In this study, we analyzed enhancer-associated ChIP-seq datasets (H3K4me1, H3K27ac, p300) from human hepatocytes and mouse liver and observed that on average ∼6% of peaks overlap coding exons after excluding the first exon. Enhancer assays for 15 selected exons that overlap these peaks showed that 8 and 10 of them are functional enhancers in adult mice and human HepG2 cells, respectively. Our observed ∼50% success rate is in line with previous reports that tested eExons for their developmental enhancer activity [5], [9]. However, it is worth noting that in this study we further selected for potentially positive enhancers by looking at ≥25% exon-peak overlap and additional transcription factor ChIP-seq datasets which probably increased our functional enhancer success rate. Also of note, while human SORL1 is expressed in the liver [25], mouse Sorl1 is not expressed in this tissue [26], [27], and the human sequence we used showed mouse liver enhancer activity. Previous work has shown that when human sequences are tested for enhancer activity, even in zebrafish, they can portray regulatory activity even if they do not have homologous sequences in that organism [35], [36].

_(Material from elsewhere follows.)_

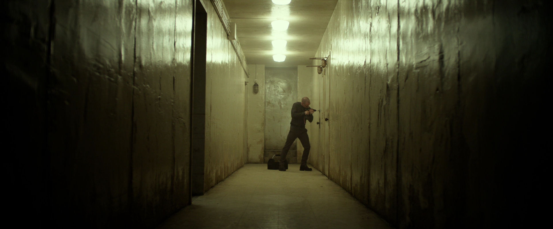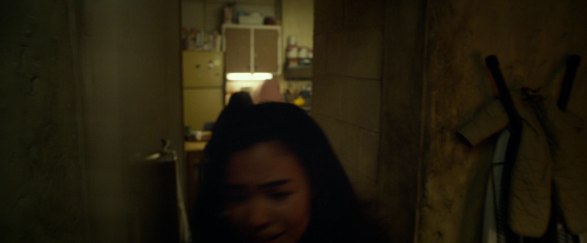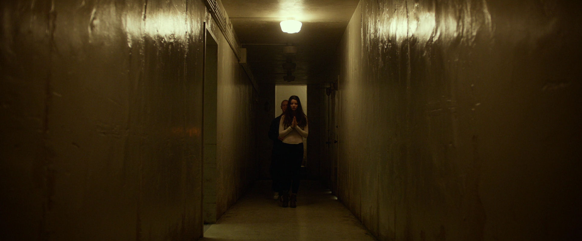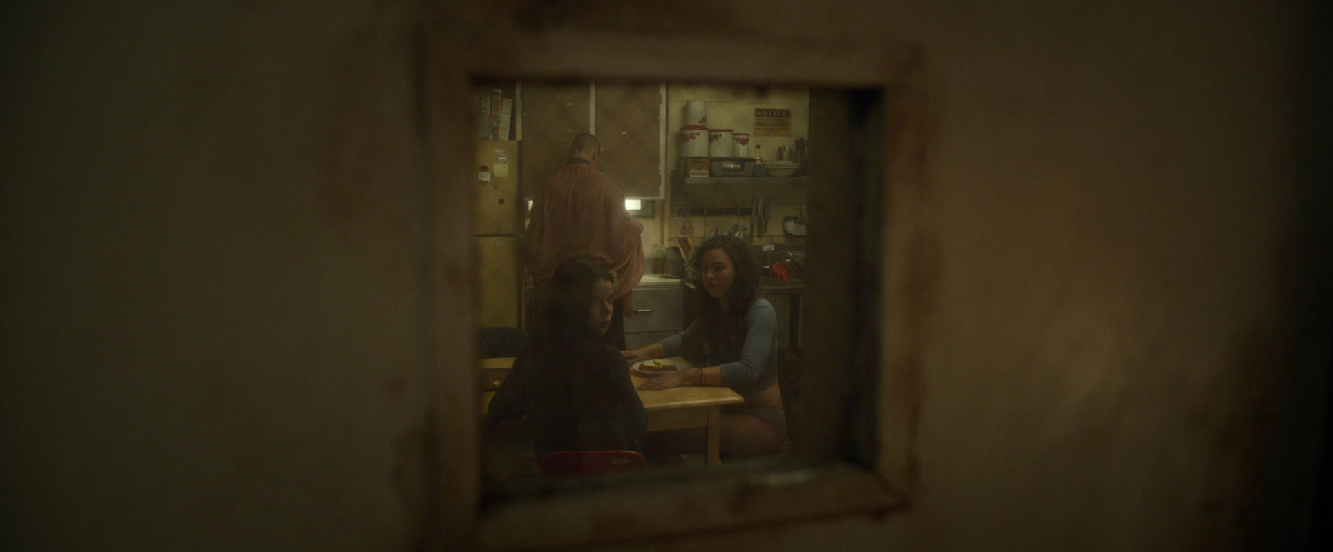 Most of the doors in Split are infuriatingly, despairingly closed. Its second-most prevalent motif is corridors, captured in a way that conjures up a world of limited options, lines of perspective receding, inexorably narrowing, as if a metaphor of the point-of-no-return consequences of The Horde’s actions. The main corridor is the tight, yellow passage that links most of the important locations: the anteroom leading to the cell, the kitchen, Hedwig’s room, the two closets that will hold Claire and Marcia. There is another corridor, more like a tunnel, which will engulf Split, as it grows darker and murkier, more id-like, towards the end. Leading into the basement itself, there is an outer, broader corridor…
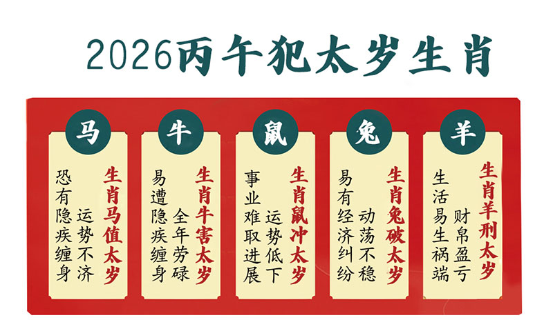 属鼠人在2026年冲太岁,冲代表冲击与变动。本年易有重大变化,如搬家、换工作、转行、人际关系紧张、健康波动、外出易遇矛盾,凡事须稳中求进。1936、1948、1960、1972、1984、1996、2008、2020年出生。

Using MPRAs, we measured the distribution of effect sizes of all possible SNVs in three liver eExons in vivo. The three eExon MPRA displayed comparable functional profiles to previously reported liver enhancer MPRA [17], and similarly show that the majority of SNVs have modest effects on transcriptional activity. Since we tested the ChIP-seq peak which includes not only the exonic sequence but also the adjacent intronic sequences, the distribution of effect sizes allowed us to determine the location of the enhancer core and whether the protein coding sequence is required for enhancer activity. For two eExons, SORL1 exon 17 and TRAF3IP2 exon 6, the distribution of SNVs with a significant effect on enhancer activity were specifically clustered in coding sequences that encode important protein domains. In addition, non-synonymous mutations in all three eExons had deleterious effects on enhancer activity, indicating that the genetic code can contain overlapping functional information. Interestingly, the dual function of eExons is not only restricted to protein coding function, as the cluster with the highest impact on enhancer activity in SORL1 exon 17 overlaps a donor splice site (Figure 2E). Alternative splicing occurs simultaneously with nascent RNA transcription [2] and these eExons could also be splicing regulators. These results suggest that mutations in eExons could lead to multiple phenotypes, both from disruption of the protein function and transcriptional regulation.

Our study has several caveats. One caveat is that we are not testing the enhancer activity of these sequences in their natural setting. Similar to most standard enhancer assays, our study takes out these sequences from their natural settings and places them in front of a minimal promoter that is different than their target promoter. In addition, the transcriptional status of these exons in concert with their enhancer activity is not being assessed. Future studies that create knockin mice to selected exon coding mutations that have a deleterious effect on enhancer activity, as determined by our MPRA, could potentially assay this. We also do not know the target genes that are regulated by these eExons. The genes these exons reside in are expressed in most of the tissues and cell types that we analyzed (Table S2), but this does not necessarily establish that they are their target genes. Furthermore, analysis of available chromatin interaction Hi-C datasets [37], [38] from different cell types (IMR90, hESC) suggest that these eExons interact with their gene promoter region as well as nearby gene promoters and other intergeneic regions (Table S7).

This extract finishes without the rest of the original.